# Wiring 2 CAT5 Receptacles



## foodstr2 (Jul 5, 2008)

I'm trying to run a CAT5 cable from my home office to my new warehouse addition outside, about 150 feet away.

I have a 12-strand, solid-wire cable and am trying to use the 8 strands for the CAT5, and 2 for phone and 2 for fax. The phone line and the fax line work fine.

I wired a CAT5 receptacle at each end of the run and intend to plug a male network cable from our router into the office receptacle and a PC NW cable into the warehouse end. (That would make the total cable run 162 feet. As I understand it, max cable length for CAT5 is 328 feet.)

There is ONE splice in the outdoor run, made using ScotchLoks.

I checked continuity for each of the 8 wires and each is continuous. But my PC doesn't recognize that a NW cable is plugged into it.

I wired the receptacles 1 to 1, 2 to 2, 3 to 3 ... 8 to 8. Is this correct? (I can't use color codes b/c they're different from the receptacles.) Or should it be 1 to 8, 2 to 7, etc.? or some other configuration?

Thanks for your help!

Bruce Hopkins
Quinlan, TX


----------



## Done_Fishin (Oct 10, 2006)

A cat 5 cable normally has 8 wires and NOT 12 as you have in your situation.

THE cable type is usually UTP or Universal twisted pair

How the cable is connected depends upon what you are connecting to.

A cable that connects a PC to another PC or a Router is known as crossed
A PC or a Router to a Switch or HUB is usually known as straight.
Never exceed a distance of ~100meters between devices and try to avoid splicing cables.

check out this site here
http://www.duxcw.com/digest/Howto/network/cable/cable5.htm

where they tell you how to make your own cables 










don't get confused with the above drawings since the pins 4 & 5 are usually connected ( Blue & Blue-White ) and were originally assigned for the phone connections, stopping at the wall socket.
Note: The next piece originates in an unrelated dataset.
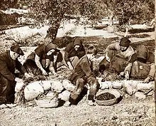 La cueillette des olives se fait du mois de décembre au mois de mai. Au début du XXe siècle, dans les grandes propriétés en Balagne ou dans le Nebbiu, il était fait appel à une main-d'œuvre étrangère lorsque la main d'œuvre féminine locale ne suffisait pas. Par contre, dans les petites oliveraies familiales, les filles de la maison suffisaient souvent à ramasser tous les matins les olives tombées la nuit au pied des arbres[8]. La récolte ne débute que lorsque les fruits ont atteint leur totale maturité[4]. Les olives sont cueillies noires afin de perdre amertume et ardance[13],[3].

here is a view from the same site of the physical connections








-









I would suggest that you read the whole article and then ask any other questions you may have


----------



## johnwill (Sep 26, 2002)

Do NOT try to use some other type of cable for an Ethernet connection. CAT5/5e/6 has specific impedance specifications that must be observed if you expect the network connection to work!


----------



## foodstr2 (Jul 5, 2008)

If it's 24 gauge solid wire, why would it matter? Is some special "impedance" built into a CAT5 cable?


----------



## Done_Fishin (Oct 10, 2006)

think of it this way .. a piece of wire hangs off of most radios as an aerial. The length is related to the frequency. if the length is wrong you get a higher impedance to the frequency that you may be trying to tune in to!
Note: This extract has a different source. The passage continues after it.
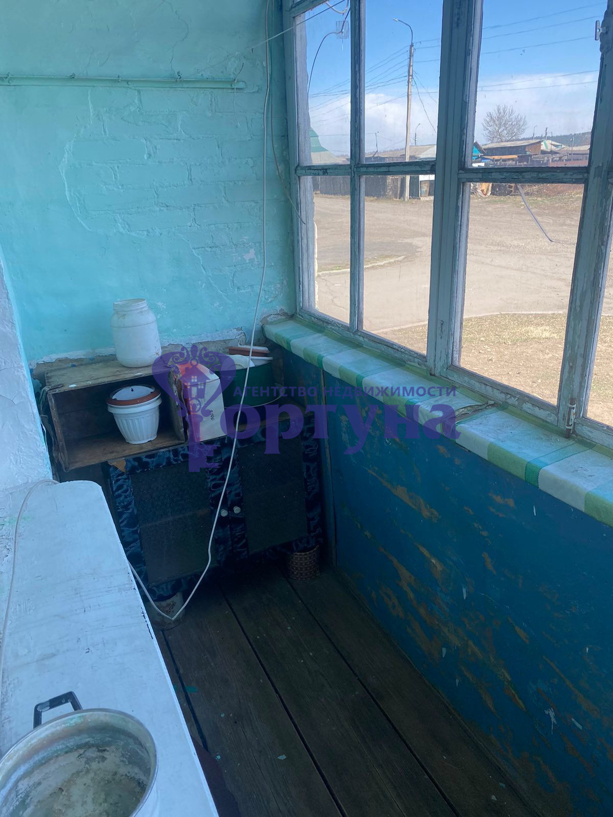 Балкон застеклен деревянными рамами.

A pair of wires, running parallel to each other, acts as a transformer depending upon the length and frequency of voltage that is running down one wire. When they are twisted around each other as well this alters the impedance and frequency characteristic. There is also a very small capacitance that is built up between the wires , regardless of whether they are twisted together or not. The insulation material, distance between the wires and the cross sectional area of the wire define what the overall capacitance is per meter .. so when you are thinking "just a piece of wire" you'd better take into account the use, the frequency, the length, the insulation material and the diameter. Even in cases of DC ie no frequency one has to be careful of choice because of application .. it may act like an aerial attracting a signal that will be injected into the equipment you want to use it on.


----------



## johnwill (Sep 26, 2002)

foodstr2 said:


> If it's 24 gauge solid wire, why would it matter? Is some special "impedance" built into a CAT5 cable?


You don't seriously think that you can take any wire that's 24 gauge and successfully use it in a network environment, do you?


----------